Record excerpts:
================================
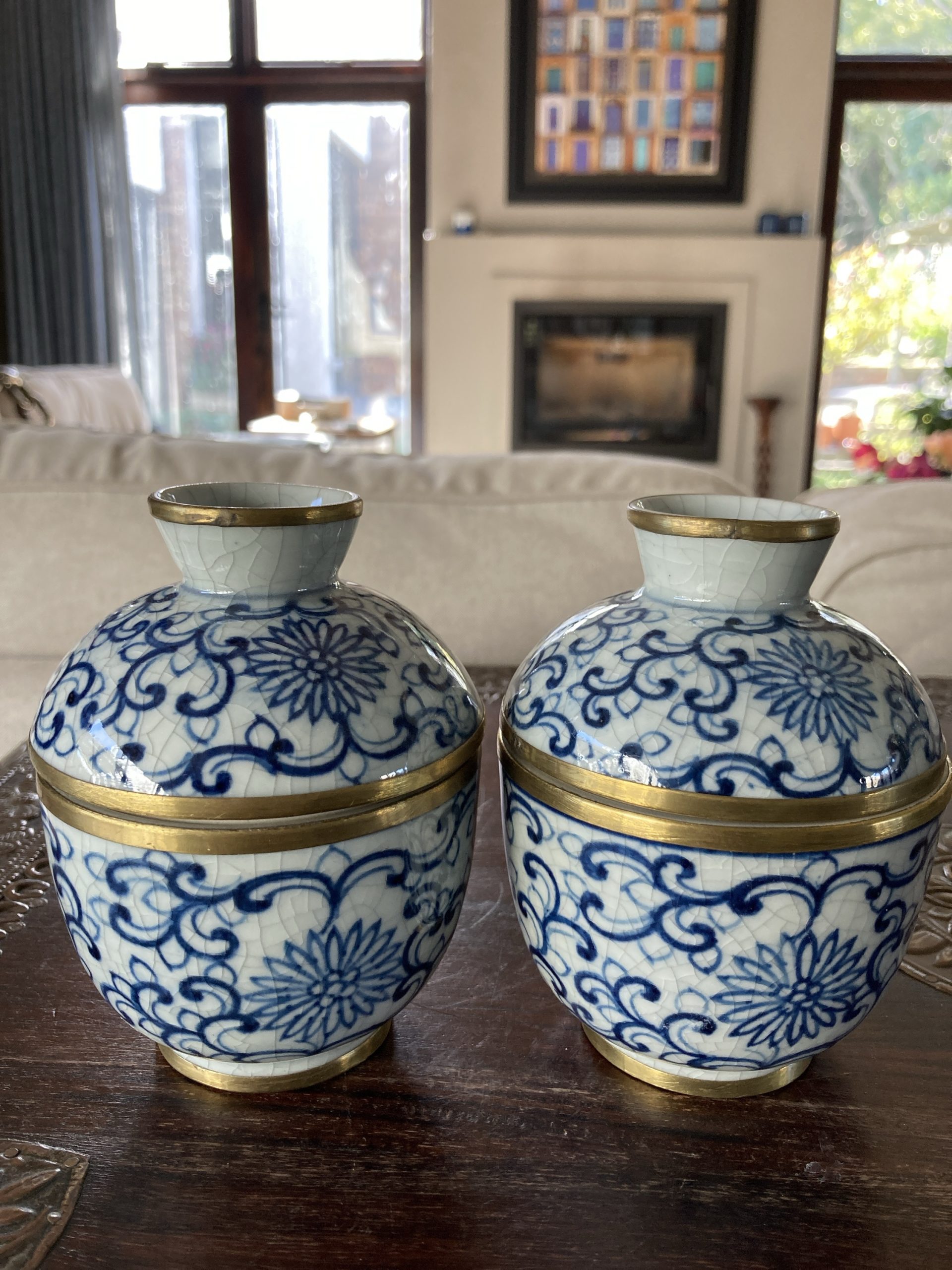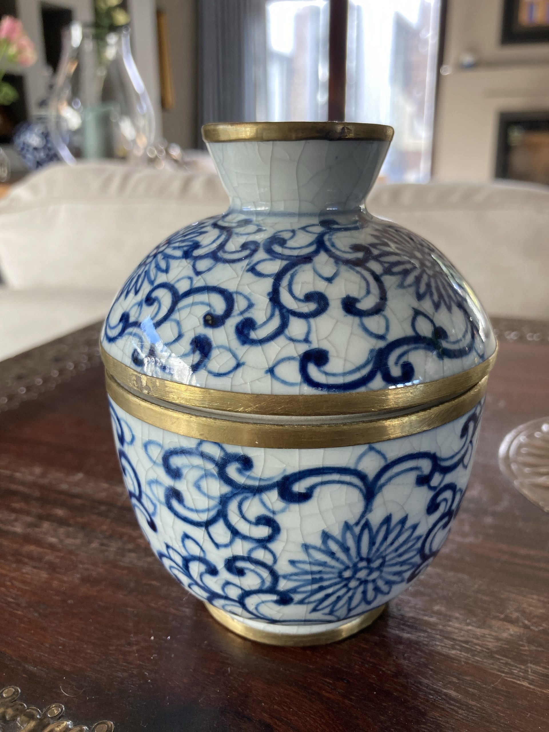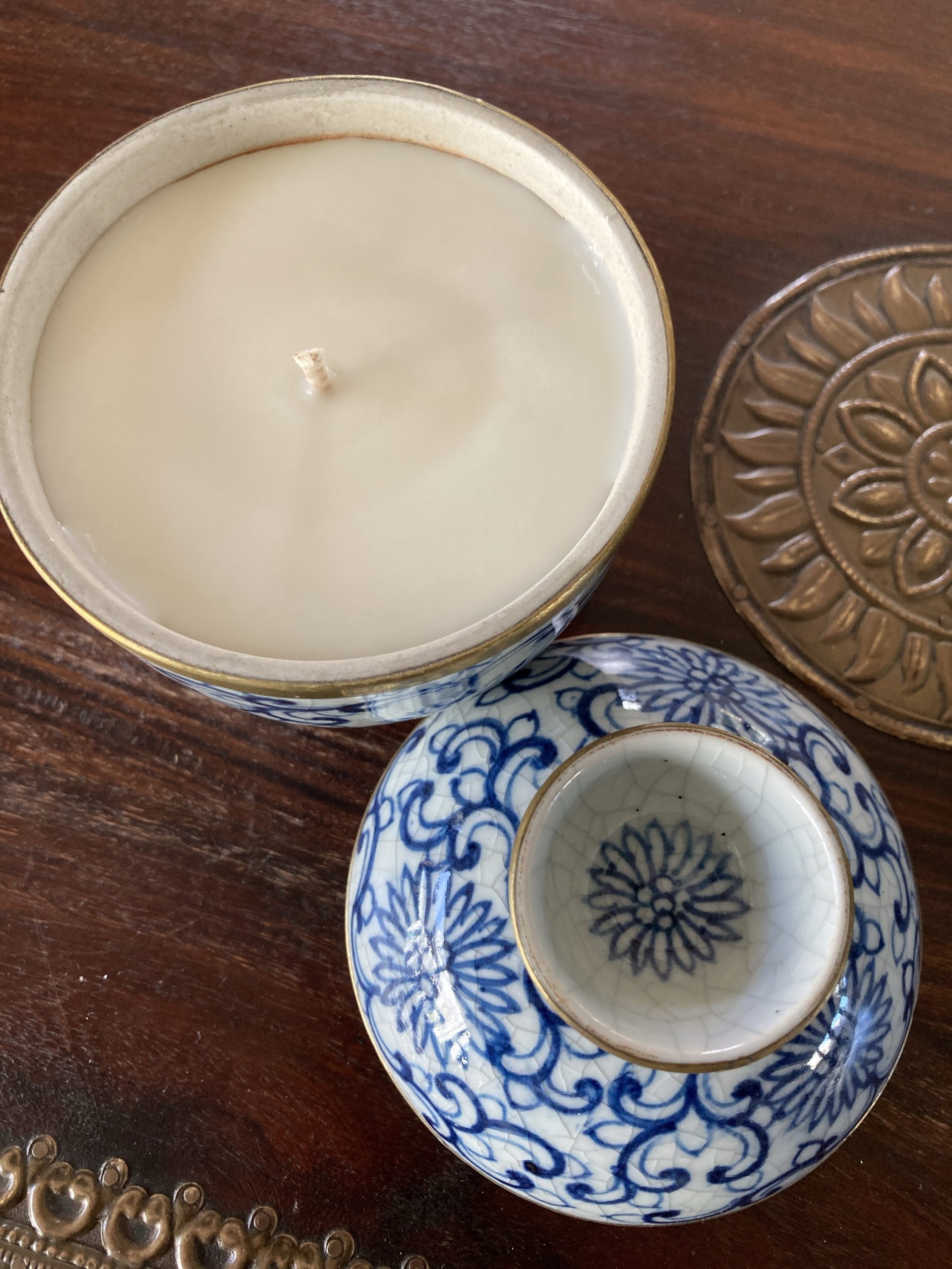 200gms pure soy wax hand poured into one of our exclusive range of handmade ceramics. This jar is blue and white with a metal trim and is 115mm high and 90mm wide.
================================
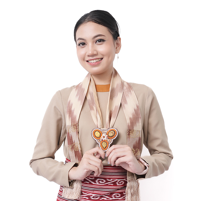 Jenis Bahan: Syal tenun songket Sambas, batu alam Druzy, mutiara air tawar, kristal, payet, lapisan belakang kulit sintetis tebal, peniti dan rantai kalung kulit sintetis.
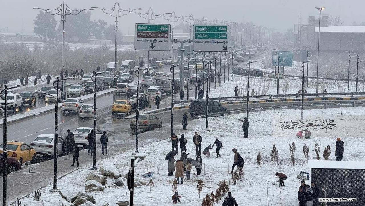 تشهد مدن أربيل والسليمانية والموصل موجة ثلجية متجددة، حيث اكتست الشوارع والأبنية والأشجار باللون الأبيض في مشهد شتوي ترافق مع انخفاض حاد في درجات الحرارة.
================================
Task to complete:
Exact copy, pictures excluded: from the line with "Jenis Bahan: Syal" up to and including the line with "تشهد مدن أربيل" in the data above.

Solution:
 Jenis Bahan: Syal tenun songket Sambas, batu alam Druzy, mutiara air tawar, kristal, payet, lapisan belakang kulit sintetis tebal, peniti dan rantai kalung kulit sintetis.
 تشهد مدن أربيل والسليمانية والموصل موجة ثلجية متجددة، حيث اكتست الشوارع والأبنية والأشجار باللون الأبيض في مشهد شتوي ترافق مع انخفاض حاد في درجات الحرارة.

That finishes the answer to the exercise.